Early Morning (1922) 90cm x85cm, London.
Major Sir William Newenham Montague Orpen was born on 27 November 1878, in Stillorgan, Co.Dublin, Ireland. He was the fourth son of Arthur Herbert Orpen and his wife, Anne Caulfield (daughter of the Right Rev. Charles Caulfield; Bishop of Nassau). Both of his parents were amateur painters, and his eldest brother, Richard Caulfield Orpen, became a notable architect.
Growing up at the family home Oriel, at the age of 13, the young and talented Orpen attended the Dublin Metropolitan School of Art. It was here that he won every major prize as well as the British Isles Gold Medal for Life Drawing; before leaving to study at the Slade School of Art (1897-1899).
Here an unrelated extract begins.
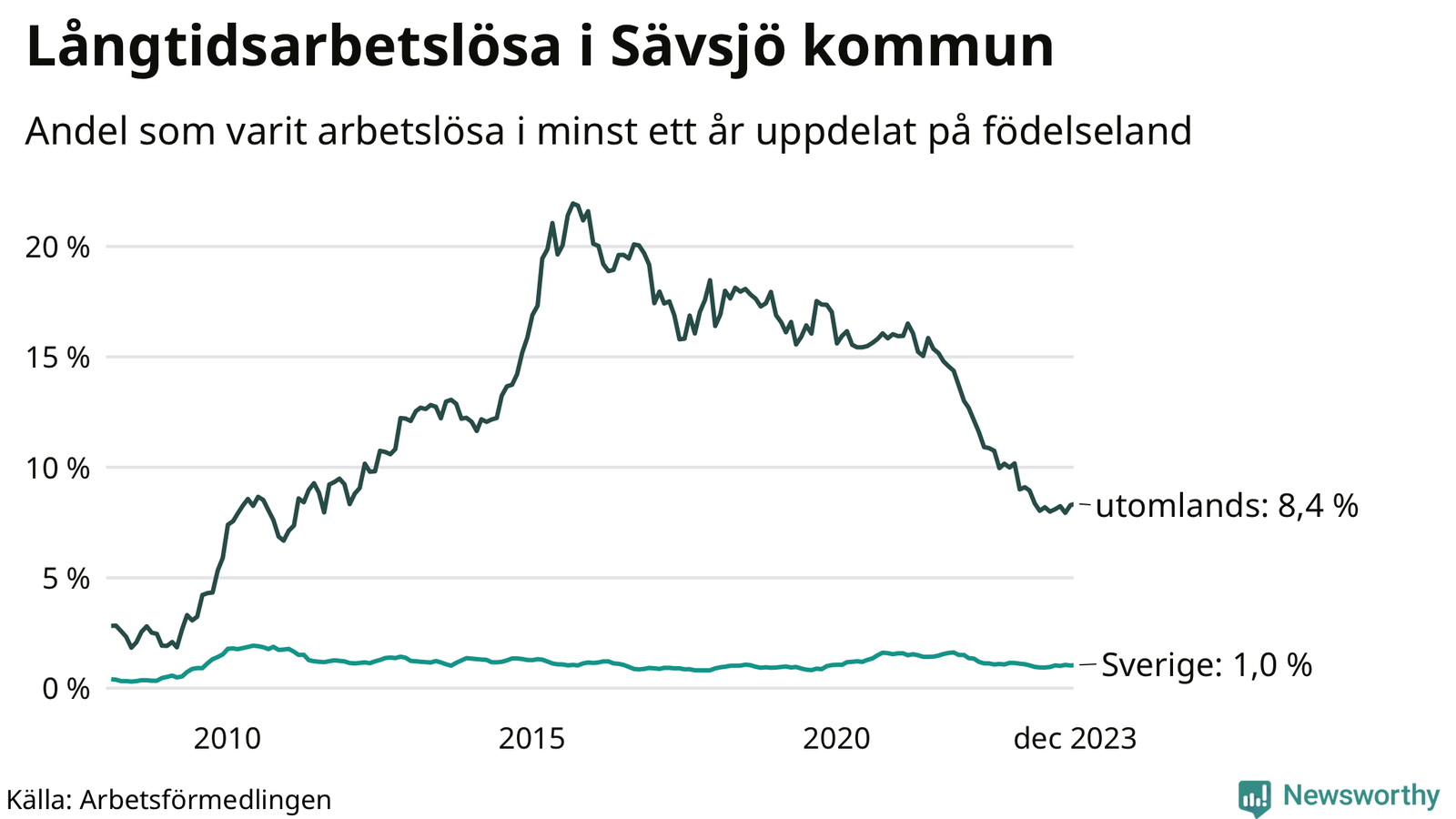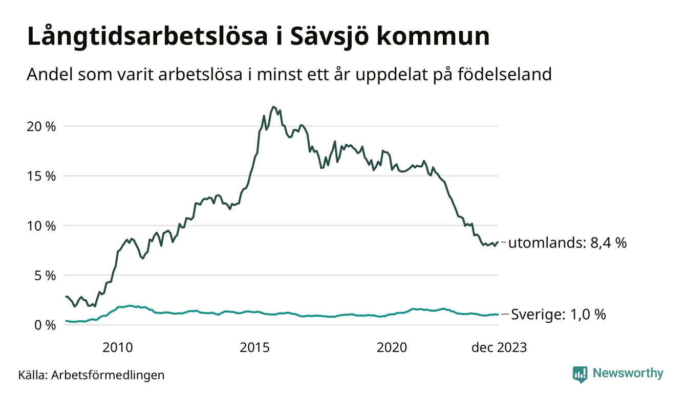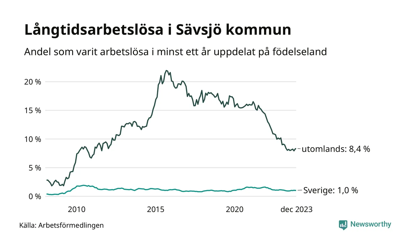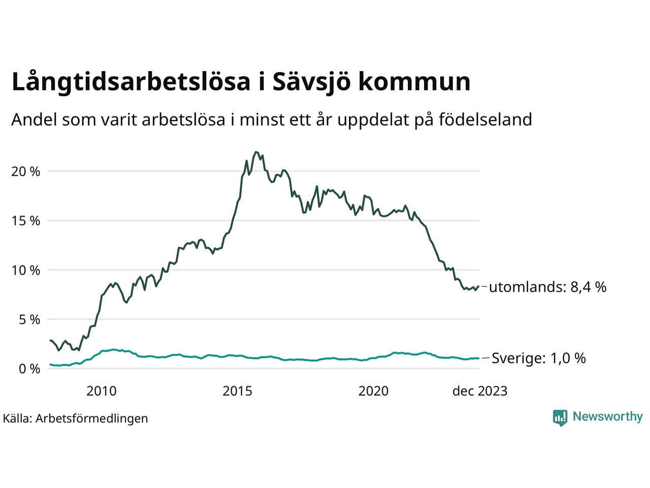 44 av de långtidsarbetslösa i Sävsjö är födda i Sverige, medan 114 är födda utomlands. Det innebär att långtidsarbetslösheten bland Sverigefödda är 1,0 procent, medan den är åtta gånger så hög – 8,4 procent – bland födda utomlands. Även i riket som helhet är arbetslösheten högre bland utrikesfödda.

It was here that he mastered an oil painting technique which included mirrors in his pictures to create images within images; adding false frames and collages around his subjects; making pictorial references to works by other artists in his own paintings.
Orpen married Grace Knewstub and they had three daughters together; but the marriage was not a happy one and, by 1908, Orpen had begun a long running affair with Mrs Evelyn Saint-George, a well-connected American millionairess based in London, and with whom he also had a child.
- By the start of WW1, Orpen was the most commercially successful artist working in Britain.
- In December 1915 he was commissioned into the Army Service Corps painting portraits, including that of Winston Churchill, and other war artist postings.
- In late1917, Orpen spent two weeks in hospital with blood poisoning and it was here that he met a young volunteer Red Cross worker from Lille named Yvonne Aubicq.
In May 1918, 125 of Orpen’s war paintings and drawings were displayed at Agnew’s Galleries in Old Bond Street in London. The exhibition was a great success with 9,000 paying visitors attending its four week exhibition.
- In 1928 Orpen stood for election as President of the Royal Academy but lost to Sir William Llewellyn.
- Orpen died aged 53 in London, on 29 September 1931, and was buried at Putney Vale Cemetery.